Since the Steelers have gained five players already in the compensatory formula, they would have to lose six total players in order to have a net loss. If that would become the case, the cancellation procedure would kick in to determine which round that selection would be. But for the Steelers, they are very unlikely to reach that point in the 2023 offseason. So even though Cam Sutton has the highest round value of any of the players, it doesn’t matter because the Steelers don’t have a net loss.

Under the previous CBA, a player would no longer count in the compensatory formula if they weren’t on the roster beyond Week 10 of the season. Some Steelers fans may remember L.J. Fort was released by the Eagles in 2019 which almost cost the Steelers a compensatory draft pick. Instead, the Steelers ended up releasing Donte Moncrief and were able to keep their third-round draft selection for the loss of Le’Veon Bell.

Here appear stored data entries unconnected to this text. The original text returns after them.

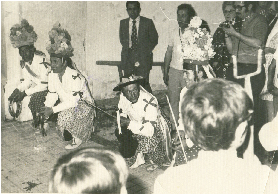
Lám. 25, 1974.
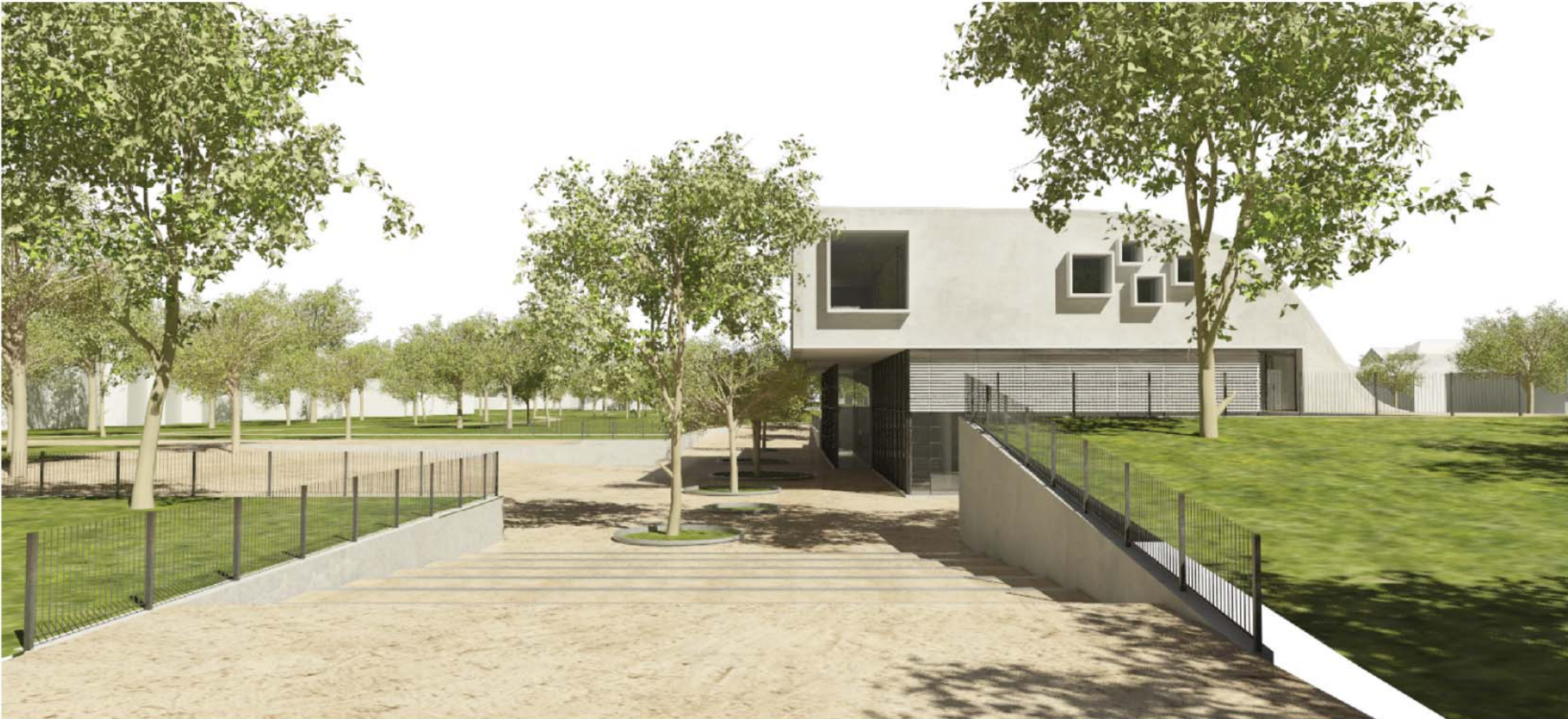
IPOTESI REALIZZAZIONE PER STRALCI
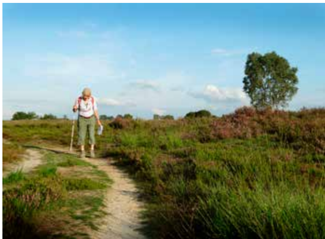
Door de Mechelse Heide.
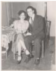
Night Club Scene (JAMa_b91_f04_0002)
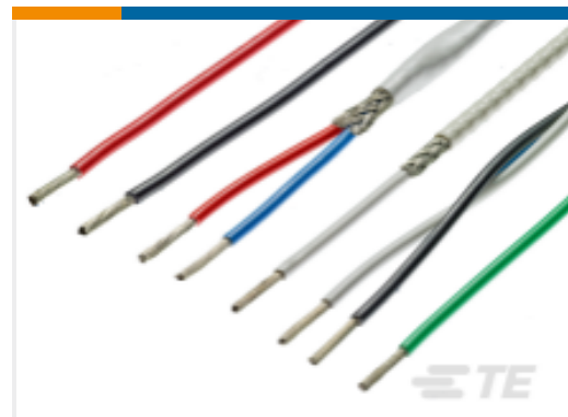
TE 产品编号EG7214-000 44A0121-22-9/958
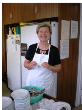
Labi, ka var pasmaidīt pie trauku mazgāšanas!
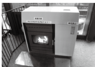
ペレットストーブ (白馬村役場)

ペレットストーブは、木質ペレットを燃料とするストーブです。間伐材などの未利用の森林資源を燃料とするため、森林保全、地球温暖化対策などに繋がるストーブとして注目を集めています。
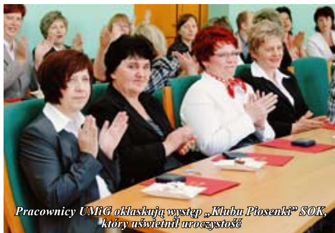
Pracownicy UM i G oklaskują występ „Klubu Piosenki” SOK, który uświetnił uroczystość
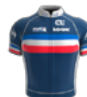
EQUIPE NATIONALE ÉQUIPE DE FRANCE FRA

But since the new CBA, the cutoff date for CFAs is the Monday after the NFL draft. For this reason, any players signed or released by a team will not change their CFA status with each team. The only way the status will be changed, other than the factors of snaps played and postseason awards, is if a player is traded. This happened to the Steelers in 2021 as they acquired Ahkello Witherspoon’s CFA status and cost them another potential compensatory pick.

So as the 2023 NFL free agency period winds down, the Steelers are not likely going to get a compensatory pick for the 2024 NFL draft. Even though the Steelers are out of the running, hopefully you have a better idea of the compensatory process going forward.